The world this week--Business
The failure of Silicon Valley Bank, a mid-sized American lender, sent shock waves through the financial system.
SVB specialised in offering banking services to tech startups.
It got into trouble as interest rates rose, the value of its bond holdings plunged and nervy depositors took out their money.
An attempt to raise capital to plug a shortfall in its finances failed, leading to a run on its deposits and the collapse of its share price.
On March 13th HSBC purchased SVB’s British assets for 1 pound, but America’s regulators have struggled to find a buyer for the rest of the bank.
Two days after SVB imploded regulators took control of Signature Bank, which is based in New York.
The speed and the size of the failures rattled markets, wiping billions off banking stocks.
In a co-ordinated action, the Treasury, the Federal Reserve and the Federal Deposit Insurance Corporation stepped in to protect depositors at both banks and set up a facility that allows banks to tap emergency funds.
The failure of SVB complicates the Fed’s path for further monetary tightening.
It will now have to weigh up stability in the banking system as well as inflationary pressures.
The data for February showed annual inflation dropping to 6%, but the core annual rate, which strips out energy and food prices and which economists fret about now, was almost unchanged at 5.5%, and actually rose over January’s figure.
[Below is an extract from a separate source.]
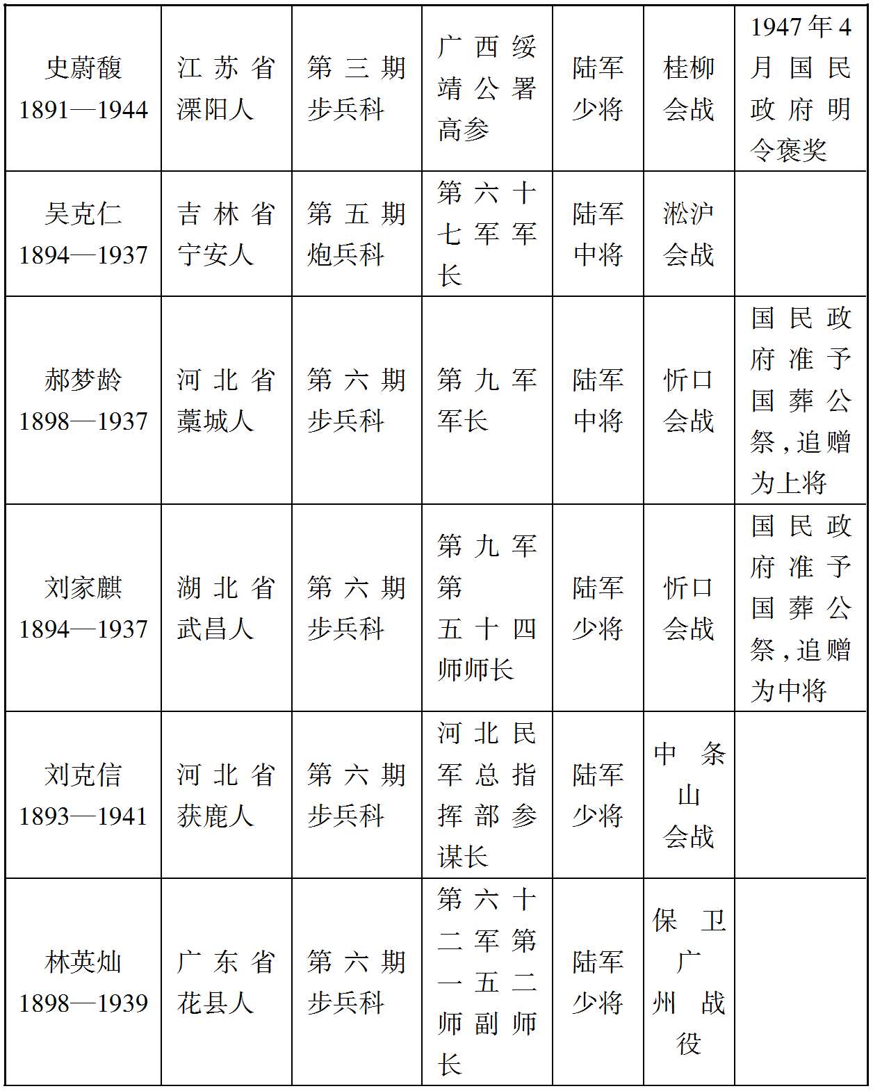 表2-2 抗战时期牺牲的保定军校毕业生将领统计表

The labour market is also running hot. Employers created 311,000 jobs in February, well above expectations.
In the febrile atmosphere, Credit Suisse saw its share price plunge by a quarter when its largest investor, Saudi National Bank, said it would not increase its stake in the business.
The troubled Swiss bank had to turn to Switzerland’s central bank for support in the market meltdown, and will borrow up to SFr50bn ($54bn) to bolster its liquidity and buy back some of its debt.
Not many countries face inflationary pressures quite like Argentina.
The official annual inflation rate soared to 102.5% in February, the highest it has been since 1991 and despite price controls on more than 1,700 goods.
Saudi Aramco reported an annual net profit of $161bn.
Like others in the oil industry, the company benefited from a buoyant market as demand recovered after the pandemic and prices spiked after Russia invaded Ukraine.
It thinks that oil demand will grow again this year, as China reopens and the airline industry recovers.
Meta is shedding another 10,000 jobs, which come on top of the 11,000 lay-offs it announced last year.
The parent company of Facebook, Instagram and WhatsApp hired too many people during the pandemic and its boss, Mark Zuckerberg, has called 2023 a “year of efficiency”.
Markets approve. Meta’s share price has rebounded from its nadir in November.